28 novembre 2018

Tout s’explique

Tensions avec la Chine au sujet des Ouïghours

Comment la Chine réagit-elle aux critiques sur son traitement des Ouïghours ?

L’ambassadeur de Chine à Washington, Cui Tiankai, a déclaré hier soir à l’agence de presse Reuters que son pays répliquerait si les États-Unis lui imposaient des sanctions pour son traitement de la minorité musulmane des Ouïghours. Ces propos résultent du dépôt il y a deux semaines au Congrès américain d’une proposition de loi élaborée par des parlementaires démocrates et républicains. Ils y dénoncent des « violations flagrantes des droits de l’homme » envers les musulmans de Chine et demandent à l’exécutif américain d’envisager des sanctions contre les dirigeants chinois responsables de cette politique de répression. Cui Tiankai a justifié les mesures prises par son pays vis-à-vis des Ouïghours en expliquant qu’elles étaient destinées à lutter contre le terrorisme.

Quelle situation subit cette communauté ?
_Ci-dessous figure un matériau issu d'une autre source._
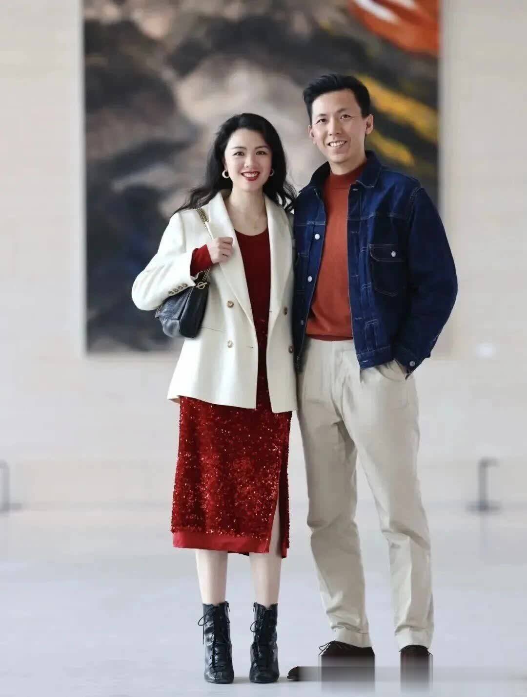 深红色亮片裙在阳光下闪闪发光,外面的白色外套和黑色高跟鞋则将整体造型完美地衔接起来。夫妻俩的穿搭展现了他们的深厚默契与对生活的热爱,而那份穿搭中的精致与从容,恰如他们之间无言的支持与理解。▼

Le Comité pour l’élimination de la discrimination raciale de l’ONU a déclaré le 10 août avoir reçu plusieurs rapports crédibles permettant d’affirmer qu’un million d’Ouïghours étaient internés en Chine. Plusieurs personnes ayant été libérées de différents centres de détention ont raconté à des médias comme Foreign Policy ou Libération qu’elles y avaient été soumises à des conditions de vie difficiles et forcées de réciter des messages de propagande fournis par le Parti communiste chinois. Elles ont également dit avoir été menacées de représailles contre leur famille si elles racontaient leur expérience. En décembre, le Wall Street Journal avait publié un reportage montrant l’usage intensif de la reconnaissance faciale pour contrôler l’identité et les déplacements des habitants du nord-ouest de la Chine où vivent principalement les Ouïghours.

Qui sont les Ouïghours ?

Les Ouïghours sont une ethnie turcophone et musulmane de Chine. Ils constituent l’essentiel des 14 millions de musulmans de la région autonome du Xinjiang dans le nord-ouest de la Chine, selon des chiffres publiés en 2015 par le département d’État américain, l’équivalent du ministère des Affaires étrangères. Le régime communiste a favorisé dans la deuxième moitié du XXe siècle l’implantation de Hans, l’ethnie chinoise majoritaire, dans la région, riche en hydrocarbures. Le sentiment nationaliste ouïghour s’est développé, donnant lieu à des émeutes à la fin des années 1980 et des attentats depuis une dizaine d’années. « Avant, la revendication ouïghoure était séculière. Aujourd’hui, les islamistes ont pris le dessus », analysait en août dans Libération Jean-Pierre Cabestan, chercheur spécialiste de la Chine au CNRS. Selon lui, la politique de répression de Pékin « les radicalise encore plus ».